Ahead of Medicare's regulatory and reimbursement proposals for 2023, three spine surgeons suggested updates that would expand access to care and reduce the economic burdens that many independent providers face today.
Ask Spine Surgeons is a weekly series of questions posed to spine surgeons around the country about clinical, business and policy issues affecting spine care. Becker's invites all spine surgeon and specialist responses.
Next week's question: How do you anticipate spine surgery will develop in the era of value-based care? What payer trends are you anticipating in your market?
Please send responses to Alan Condon at acondon@beckershealthcare.com by 5 p.m. CDT Wednesday, July 6.
Editor's note: Responses were lightly edited for clarity and length.
Question: If you could make one Medicare change overnight, what would it be and why?
Brian Gantwerker, MD. The Craniospinal Center of Los Angeles: Firstly, there must be a [cost-of-living adjustment] increase for CMS payments. This has not happened for almost two decades. Next, sunsetting mandatory Medicare Advantage plans and letting people keep their original Medicare plans plus a supplement must be preserved. By all means keep them, but do not allow insurers to falsely advertise their equivalency of access and quality to straight Medicare. Thirdly, do not allow insurers to set their benchmarks to Medicare. There must be accountability from insurers that falsely tie their rates to Medicare, and they should be mandated to consider the usual and customary fees rather than Medicare multiples. Lastly, run an audit of all private insurers, using their own software, in order to find the "missing billions" and reasons why despite lowering physician payments, healthcare costs continue to rise.
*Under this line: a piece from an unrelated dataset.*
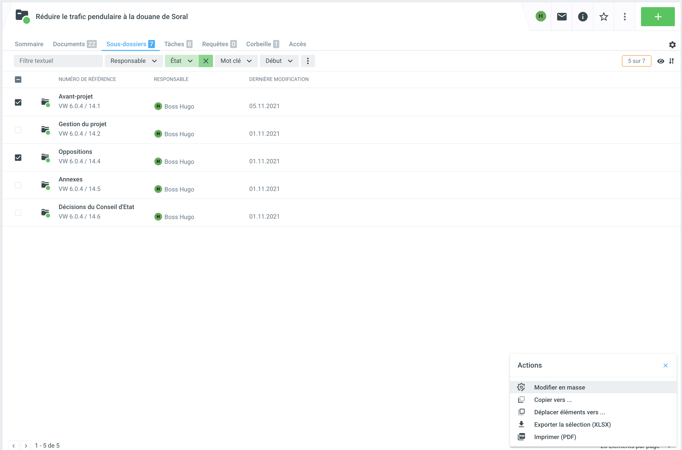 L'action Modifier en masse permet d'éditer un nombre illimité de documents en une seule étape. Sélectionnez les documents correspondants et cliquez sur Modifier en masse sous Actions à droite.
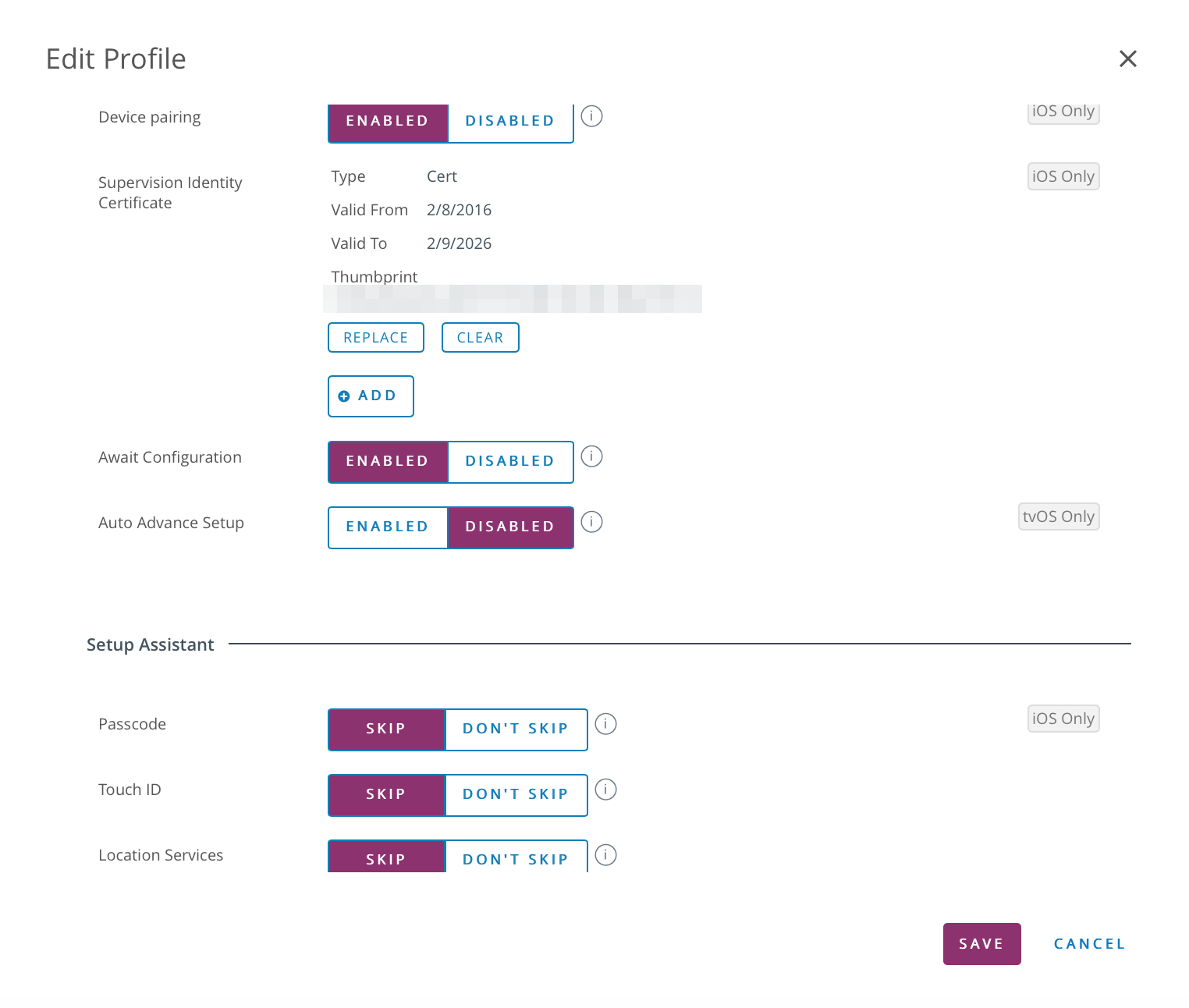 The Supervision Identity allows pairing with your iOS devices, even if the MDM DEP profile assigned to your devices does not allow pairing with other hosts. The option effectively secures devices while retaining management capabilities with Mobile Access Management.

Nick Jain, MD. DISC Sports & Spine Center (Newport Beach, Calif.): While prior authorization for ACDF is an obvious target due to the increased authorization process burden and delay in care, I think the decreasing CMS fee will prove to be the most detrimental recent change to patient care. As reimbursement costs decrease while staffing costs and inflation soar to all-time highs, physicians will be forced to spend less time with patients to make ends meet, resulting in shorter face-to-face visits with an increasingly sicker and older patient population who require our full attention and dedication. This will only lead to the further degradation of the physician-patient relationship and, for that reason, I would eliminate the recent cuts to the CMS fee schedule.
Vladimir Sinkov, MD. Sinkov Spine Center (Las Vegas): The biggest issue with Medicare is the ever-increasing regulatory and documentation burden. It is getting more difficult and requires more practice resources to stay compliant with all of their regulations, most of which do not actually benefit patient care. For example, the recent development of requiring prior authorization for cervical fusion surgery made it much more difficult to get those operations done in a timely manner.
A close second issue is declining reimbursements. Medicare keeps cutting reimbursements for all physicians, but even more so for surgical procedures, including spine surgery. With the current levels of inflation, the costs of running a medical practice are going up rapidly, making it very difficult for a spine practice to stay financially solvent on Medicare reimbursements.
These two issues are currently causing more spine surgeons to either limit their Medicare patient panels or stop taking Medicare all together. It will decrease access to care for Medicare beneficiaries.